The key is "hardware capability that's tightly integrated with the software stack," said Kishore Manghnani, vice president of marketing at TeraLogic Inc. (Mountain View, Calif.). "Your silicon needs not only to capture the data but also to present the data in a way exactly specified by broadcasters."

For example, if statistics were sent as a data stream together with a sports broadcast, the chip would be expected to know the presentation requirements for the data application. That would allow it to display data in a certain place on a screen, in a size, resolution and color depth defined by broadcasters. TeraLogic is working with unidentified partners to develop software drivers to make its own hardware ATVEF-compliant.

As for memory requirements, DASE-compliant systems today require more ROM than those based on ATVEF. It currently takes 4 Mbytes of ROM to process the DASE Java API, Das Gupta said, compared with 1.5 to 2 Mbytes of ROM for ATVEF content processing. Nonetheless, he explained that the current DASE implementation is based on prototype code and has not been optimized to the same extent as typical HTML 4.0 browsers.

In terms of RAM, both ATVEF and DASE will have similar requirements, said Das Gupta. Most of the RAM is used by the application, and most of the application's RAM requirement is in the form of storing "assets" such as GIF and JPEG files, other graphics and sound clips.

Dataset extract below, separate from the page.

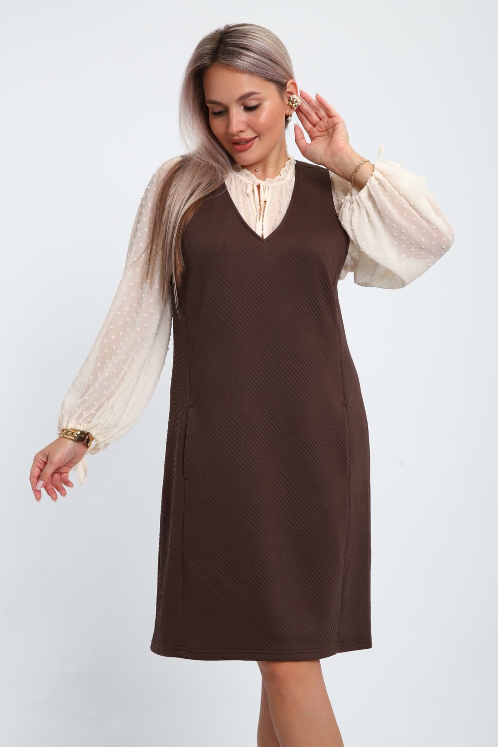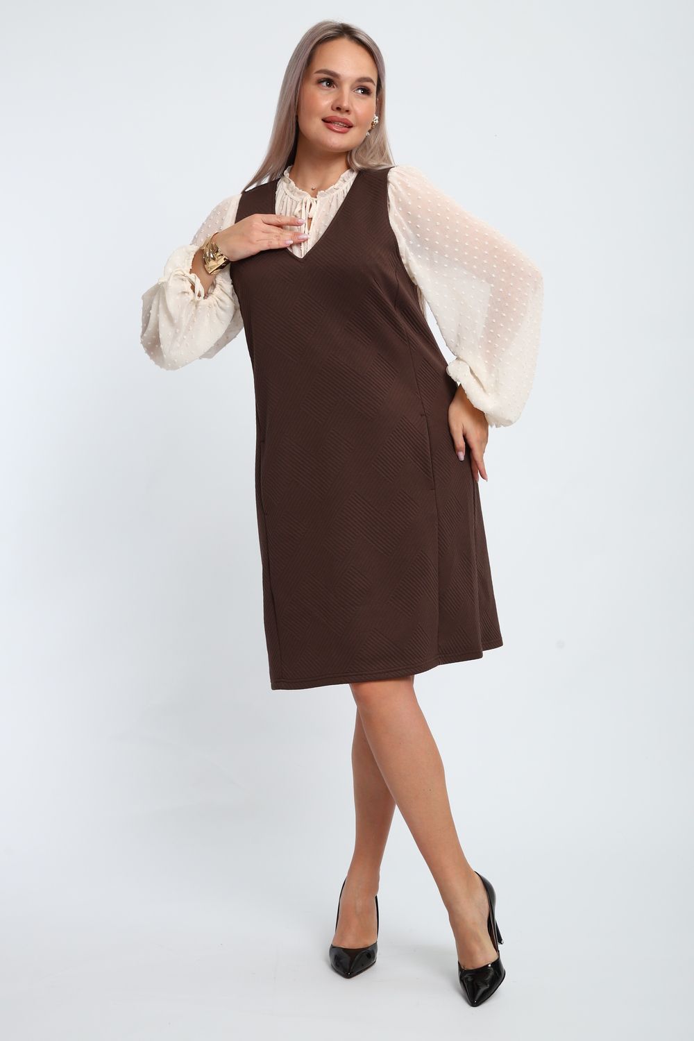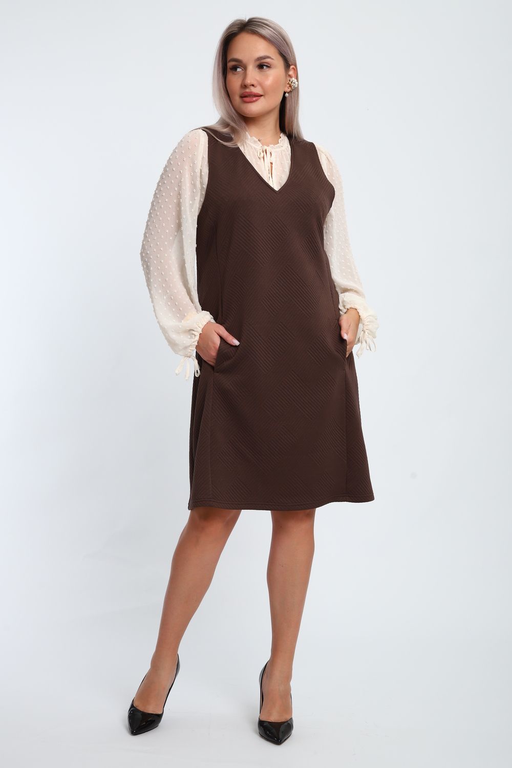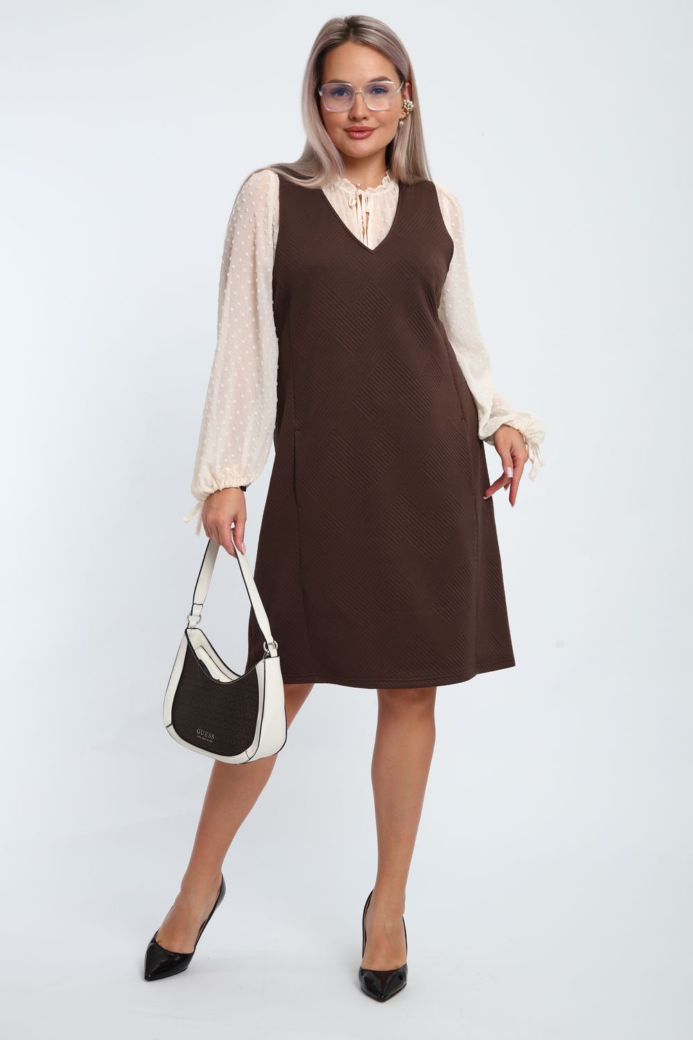 Создайте свой неповторимый образ с помощью универсального сарафана, к которому можно подобрать разнообразные блузки, водолазки, свитшоты. Сарафан прямого кроя, слегка притален, благодаря отрезному бочку, аккуратная V-образная горловина обработана обтачкой, в швах притачивания бочков имеются внутренние карманы. Пройма достаточно глубокая, чтобы не стеснять рукав блузки, длина до середины колена. Лаконичность деталей кроя подчеркивает стиль и элегантность изделия. Свободный крой сарафана и воздухопроницаемость ткани обеспечивают комфорт и свободу движения, что делает его идеальным для повседневного ношения. Модная геометрическая рельефная фактура ткани придает изделию стильный и современный образ. Базовые расцветки сарафана помогут с легкостью подобрать к нему пару. На работе, в офисе, на прогулке, на празднике вы будете чувствовать себя комфортно и уверенно.

In fact, what separates ATVEF from DASE is more software than hardware. Under the ATVEF approach, the data stream, once extracted from the transport stream, is processed as an Internet Protocol stack and placed in a custom-built ATVEF browser cache. Engineers at Intel Corp.'s Intel Architecture Labs are writing code for custom browsers, also known as viewers. Two unidentified vendors of add-in cards will produce their own customized viewers.

At least one other chip maker besides TeraLogic is said to be working on ATVEF-compliant receiver chips. Intel does not plan to make such silicon, but it has taken an active role in the group, helping to develop low-level code and enable the broader business.

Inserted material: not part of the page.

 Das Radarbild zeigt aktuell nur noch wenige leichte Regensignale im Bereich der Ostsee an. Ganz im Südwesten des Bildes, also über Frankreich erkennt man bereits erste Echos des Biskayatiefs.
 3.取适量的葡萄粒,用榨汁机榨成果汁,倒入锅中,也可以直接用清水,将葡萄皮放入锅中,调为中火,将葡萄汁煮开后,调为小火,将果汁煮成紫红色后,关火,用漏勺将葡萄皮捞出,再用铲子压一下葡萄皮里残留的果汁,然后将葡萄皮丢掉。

"We have introduced board makers who are partnering with OEMs for products that should hit the retail channel in April or June," said Dean Tucker, marketing manager for enhanced broadcasting at Intel.

While Intel is a key player in ATVEF, Tucker rejected the notion that the group is PC-centric in its approach. "There will be plenty of ATVEF products that will not be PC-centric. They will be consumer-electronics products," he said.

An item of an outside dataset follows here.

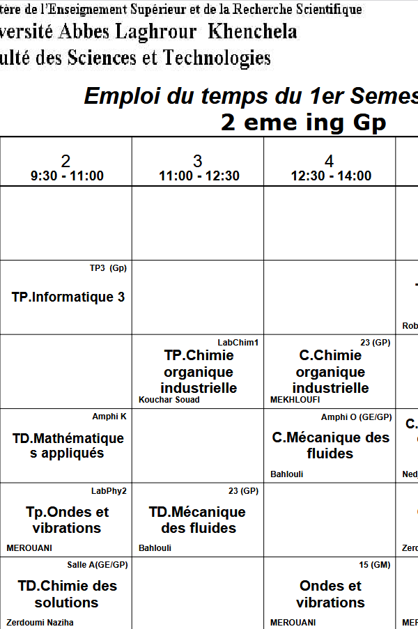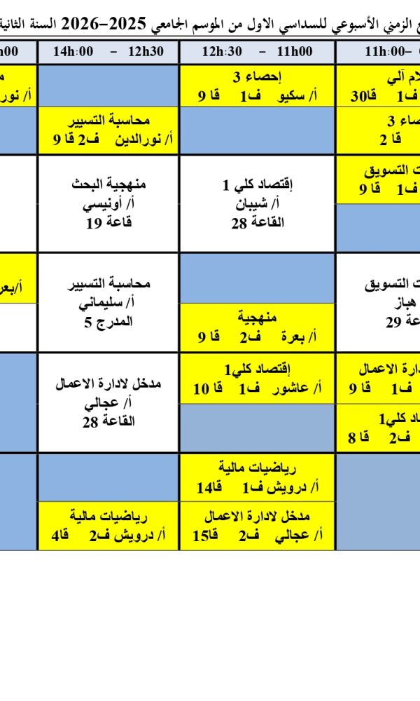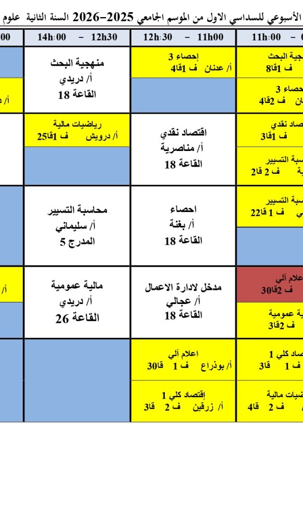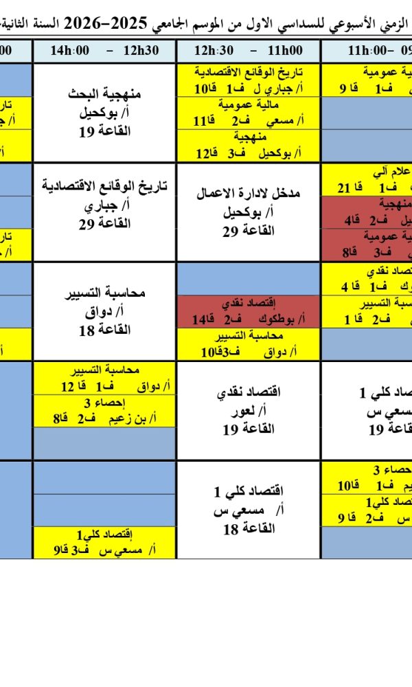 Emploi du temps hebdomadaire du premier semestre de l’année universitaire 2025–2026 – Deuxième année Sciences Économiquesكلية العلوم الاقتصادية, التجارية و علوم التسيير2025-10-08

Gerry Kaufhold, an analyst at Cahners In-Stat Group (Scottsdale, Ariz.), said he thinks "the biggest problem with ATVEF is that they still need to convince big-name CE partners to develop ATVEF-compliant set-top boxes."

Meanwhile, DASE backers have developed their own prototype Net TVs. Philips has a DASE prototype based on its 64-inch ATSC HD receiver, which is currently on the market, according to Das Gupta.

Philips also has a prototype that uses a TriMedia processor for A/V and a MIPS RISC processor for the DASE data. As for the processing power, "we have found low-end — say 50 Mips — processors enough for decoding DASE-like content," Das Gupta said.

It is unclear which add-in card vendors will be the first to commit to the ATVEF-compliant products. Ken Plotkin, vice president of marketing at Hauppauge Computer Works Inc., said adding ATVEF support to the company's PC/HDTV receiver card "is not high up on our priority list right now. We are more focused on technologies, such as digital VCR and time-shifting capabilities, for our add-in cards."